## RECORDED INFORMATION
*-*-*

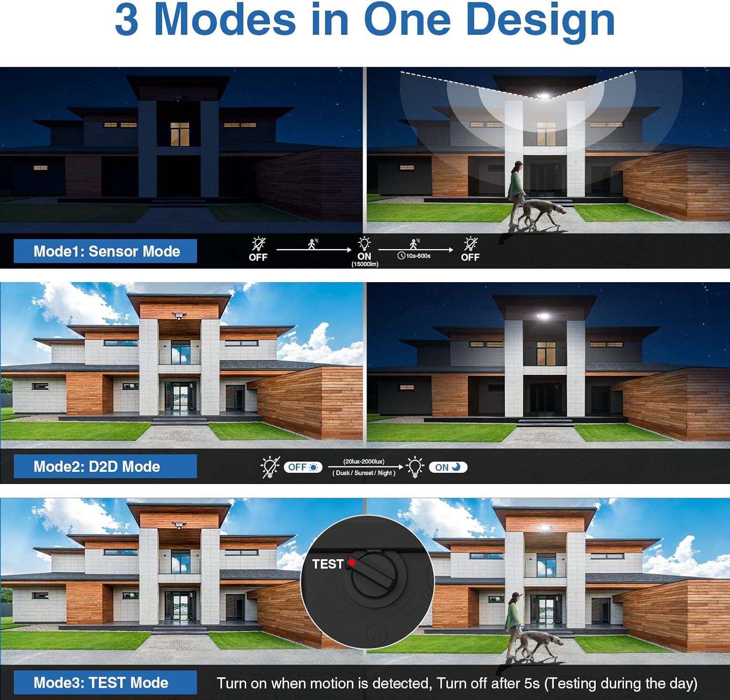- 【3 Lighting Modes】Mode1: Sensor Mode, turns on when motion is detected. Mode2: D2D (Dusk to Dawn) Mode, automatic turn on at night, automatic light off during the day. Mode3: TEST Mode, turn on when motion is detected, Turn off after 5s.
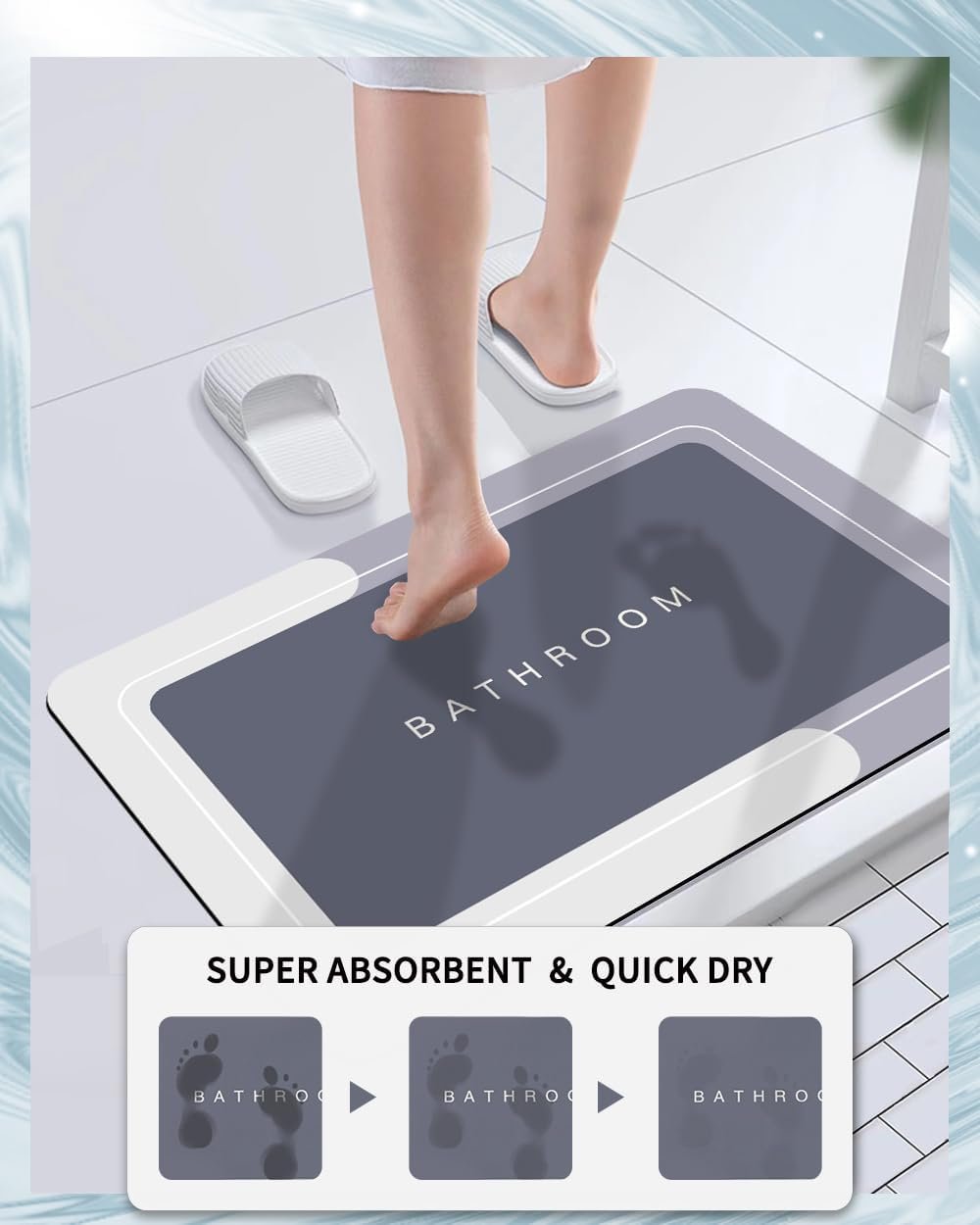 ◕ [Water absorption and quick drying] The bathroom rug is made of 4 layers of technology fusion materials, super adsorption, fast water absorption and instant drying. When you step out of the bathtub or get ready to wash through the sink, it can prevent splashing the floor and keep your feet and bathroom fresh and clean
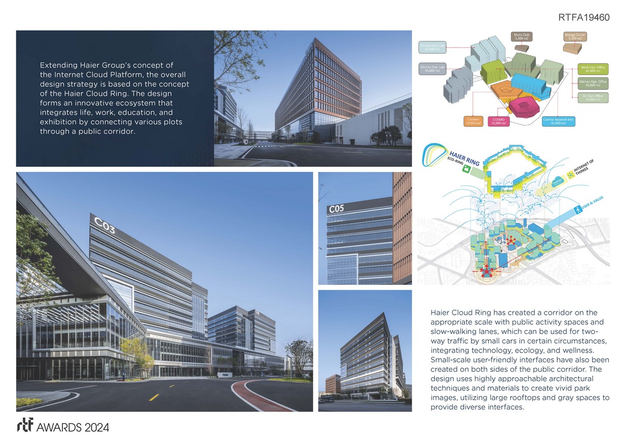 Extending Haier Group’s concept of the Internet Cloud Platform, the overall design strategy is based on the concept of the Haier Cloud Ring. The design forms an innovative ecosystem that integrates life, work, education, and exhibition by connecting various plots through a public corridor.

*-*-*

## WHAT TO WORK ON
Give back exactly the lines from the one containing "fresh and clean" through the last line above, both included, and none of the pictures.

## RESPONSE
 ◕ [Water absorption and quick drying] The bathroom rug is made of 4 layers of technology fusion materials, super adsorption, fast water absorption and instant drying. When you step out of the bathtub or get ready to wash through the sink, it can prevent splashing the floor and keep your feet and bathroom fresh and clean
 Extending Haier Group’s concept of the Internet Cloud Platform, the overall design strategy is based on the concept of the Haier Cloud Ring. The design forms an innovative ecosystem that integrates life, work, education, and exhibition by connecting various plots through a public corridor.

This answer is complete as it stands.